“…before we begin to understand other cultures, we must first understand how our own culture influences our thinking and behaviors” (Ferrado). As I made my way through the assigned readings from the previous weeks, I encountered this point made by Ferrado and proceeded to carry it in the back of my head during my time spent at Lucy Choi London these last two weeks. My interpretation of what Ferrado is trying to say is that in order to appreciate other cultures in thrive in a world that is not native to your own it is imperative to first have a firm understanding and appreciation of your own. I have never given so much thought about myself as an American and what exactly that means to me until this trip.

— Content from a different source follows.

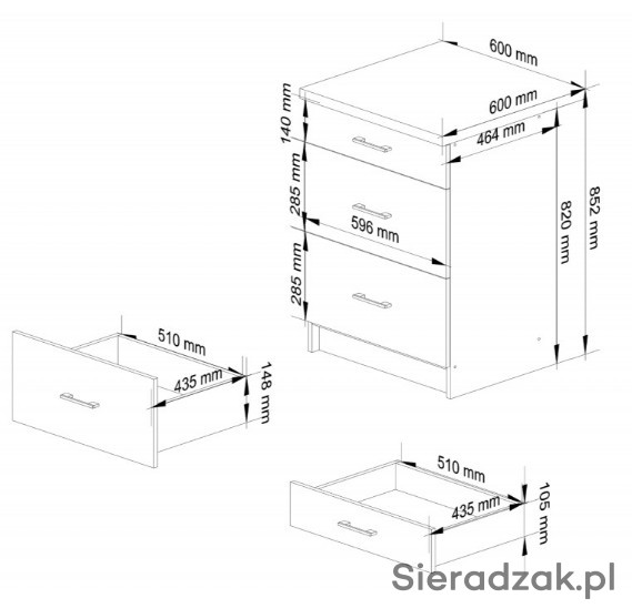 5.SZAFKA KUCHENNA OLIWIA S 60cm 3S BIAŁA POŁYSK - 1SZT.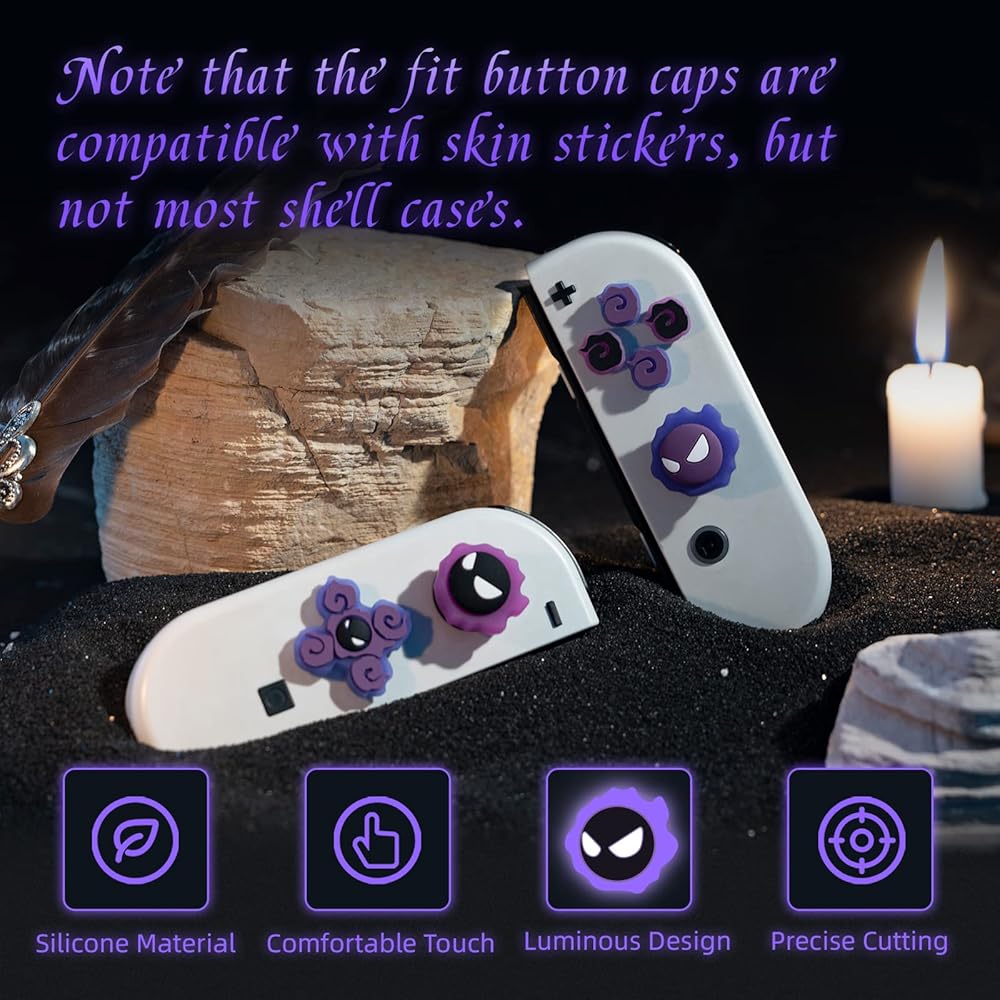 WISHAVEN 크로스 D-Pad 버튼 캡 야광 실리콘 엄지 그립 세트 ABXY 버튼 스티커 조이스틱 커버 캡 닌텐도

For instance, one of my biggest challenges at work this week has been creating Training Manuals for my designer’s AW13 line. I was given the freedom to come up with a short little blurb about each shoe in order to make it more appealing to customers. Typically, I would consider myself a creative person, but this task has proved a bit challenging for me. The first obstacle I have had with this project is the fact that each shoe style is named after a borough in London. I am not even an expert on London, so how can I creatively describe a shoe related to something so foreign to me. The second obstacle I have faced is that every time I finish a descriptive paragraph about a particular style my designer’s assistant reads through to make it sound “more British.” I am perfectly equipped to handle and respect constructive criticism, but it has been a bit difficult for me accepting that I might now be producing work that is up to par with British standards.
I am not one to back away from a challenge, nor do I give up easily. I am confident in myself as an American, and I am open to learning the “British” ways both in the business world and in everyday life. After all, that’s why I chose to study in London, right? In an attempt to not let this setback overshadow all of the exciting progress I have made at work, I will admit that I am learning so much from my designer and how she conducts business. She has been fantastic to work with and I certainly admire the hard-working businesswoman she is. Living, working, and learning in London has certainly been an eye-opening experience thus far. During a time where I am making such a conscious attempt to assimilate into the British lifestyle, I have yet to forget my American roots. Ironically, HAPPY 4TH OF JULY AMERICA.